In the image below, I used Wet Body Geometry Shells by SimonWM. This is what I did –
- I apply the Wet Body geometry shell to a G2F figure (Victoria 6).
- I select all surfaces on the geometry shell and apply the Iray Uber shader.
- I set Glossy Weight to 1.0, Glossy Reflectivity to 1.0, and Glossy Roughness to 0.
- Finally, I can further control the strength of the drops by changing Translucency Weight. A value of 0 has the strongest wet map.

This first image has a stronger wet body look, and uses the specular Sweat Rolling map. For contrast, we also use a more subtle wet body look, and the Water Beads specular map.

Thank you very much for this. It took me a while of digging to find all the surface settings you mentioned in this tutorial, but I found them (using 4.15 after MANY MANY years of not touching DAZ.) It is very much appreciated that you did this.
Thank you for this tutorial! Much appriciated.
But after working fine for a while, suddenly for no reason it’s not working.
Character body only turns red.
The solution I found is to increase Mesh Offset distance to 0.003 (or higher)
Hope that helps others. I found no solution that worked for me on google.

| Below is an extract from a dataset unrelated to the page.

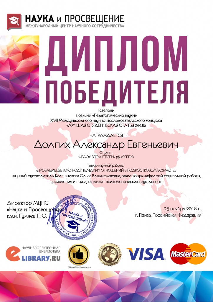 Студенты выпускного курса социально-гуманитарного факультета направление подготовки «социальная работа» (Байн А., Волкова Д., Долгих А., Кожанов Ю., Миронова Н., Фатыкова В., Чезганова В., Уткина К., руководитель – Калашникова О. В.) и «управление персоналом» (Богданов Е., руководитель – Белоусова И. В.) приняли участие в Международном научно-исследовательском конкурсе «Лучшая студенческая статья – 2018» (секции «Педагогические науки» и «Социологические науки») и стали победителями!

Hey – this is a completely fantastic, clearly written tutorial – in a domain where there is a lot of completely confusing info on Daz. I realize this about a year and a half after you posted this, and I apologize if my question seems incredibly amateur, but I’m not an advanced user) but my question is:
In ‘2. Making the skin properly shiny’ you write:
“Glossy Layered Weight set to 1.0.
Glossy Reflectivity set to 0.9.
Glossy Roughness set to 0.4. This can be set lower if we want to increase the wet effect on skin. Setting it too low though, will make the skin look unrealistically shiny. Therefore, tweak it according to personal taste.

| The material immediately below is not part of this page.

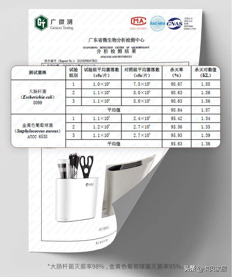 使用起来并不复杂,把刀具筷子放进去之后,轻触顶部的按钮就能开始工作,一键式操作,简单快捷,上手就会。这款刀架里面装配的是高性能的UV紫外线灯,使用安全,灭菌高效。根据广东微生物分析检测中心的报告来看,大肠杆菌除菌率高达98%,金黄色葡萄球菌除菌率高达95%。

Top Coat Layering Mode set to Fresnel. Top Coat IOR set to 1.49 and Top Coat Thin Film IOR set to 1.4. Again, Top Coat Roughness can be adjusted according to taste. A lower Roughness value will increase shininess and a higher Roughness value will decrease shininess.”
But nowhere can I find any of these parameters within Surfaces>Editor. I’m using Victoria 6 on Daz3D 4.9, with Iray. Clearly I’m looking in the wrong place? Do you have any guidance?
thanks so much,
Howard
Hmmm, do you have Victoria 6 selected? If so, there should be a Victoria 6 button in surfaces > editor? Open that up and click on skin.
Oh I just thought of another thing, V6 comes with 3Delight shaders, so we also need to convert the shaders to Iray. I have more on that here –
http://thinkdrawart.com/daz-studio-iray-tutorial-for-beginners#shader
There are also more complex vendor solutions for converting old skin to Iray skin, but the tut above is a starting point.
Yup, I’ve done that, though I’m using V6 HD. Could that be an issue?
I did a screen shot of all of the parameters available under V6>Surfaces>Skin but no way to include one here. There are approx 60 parameters. I did a search, and have scrolled carefully through the entire list, but Glossy Layered Weight, Glossy Reflectivity, Glossy Roughness and Top Coat Layering appear nowhere.
Should I be looking at a different advanced palette?
It starts with:
Tags
Ambient Color
Ambient SSS Contribution
Ambient Strength
Bump Noise Strength
…. and ends with …
UV Set
Angle
SmoothOnline ID Color
Online Depth.
Thanks very much for your help.
Last point, in case this is helpful: on another tutorial, the Surfaces tab is titled “Surfaces (Color)” – mine is just Surfaces.
THANKS> Just figured it out. I had Skin selected but did not have “All”at the very top of the Editor menu. Thanks for being so considerate and responding, and providing the link.
You are very welcome. Feel free to post more questions here.
select skin under “character name” in the surface box.
I cannot get this to work on scenes outside where there is a sky dome, the water shell reacts very strangely. any suggestions?
Probably a result of the reflection. First thing I would check is the skydome and skydome settings. Try setting it to Infinity and see what changes.